Ringfort (Rath), Balnavine, Co. Westmeath
Co. Westmeath |
Ringforts
On a hillside in County Westmeath, just below the summit and facing south-east, there is an earthwork that has never quite made up its mind about what it is.
Roughly 45 metres across, it presents itself as a ringfort, one of the thousands of circular enclosures built across Ireland during the early medieval period as farmsteads or defended homesteads. But something about its layout gives archaeologists pause.
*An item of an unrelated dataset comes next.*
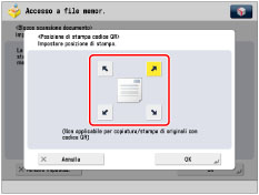 Prima di impostare questa funzione, l'amministratore deve impostare l'utilizzo del codice QR per il modo Blocco scansione documento. (Vedere "Selezione del codice per il blocco scansione documento (codice TL/codice QR)".)
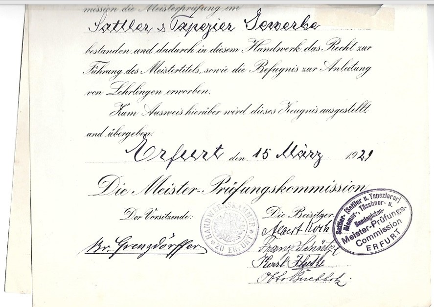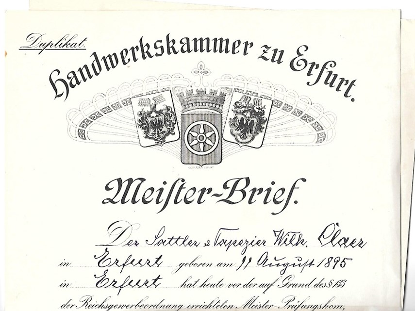 Meisterbrief des Friedrich Wilhelm Claer (1895-1959)

A standard ringfort is typically defined by a bank and an external fosse, which is simply a ditch dug around the outside of the enclosure for drainage and defence. What makes the Balnavine site unusual is the possible presence of an internal fosse as well, a ditch running along the inside of the bank rather than the outside. That arrangement is more commonly associated with ceremonial or burial monuments than with domestic settlements, and it raises the quiet possibility that this earthwork was never a farmstead at all, but something older or stranger in purpose. A slight depression near the centre of the interior may represent the ghost of a house site, though that reading too remains tentative. The difficulty is practical as much as interpretive: the whole site is heavily overgrown with blackthorn, the dense, thorny scrub that colonises neglected earthworks across Ireland and makes close examination difficult. Whether the inner fosse is really there, or whether the uneven, sloping interior is simply playing tricks, cannot be confirmed without clearance work.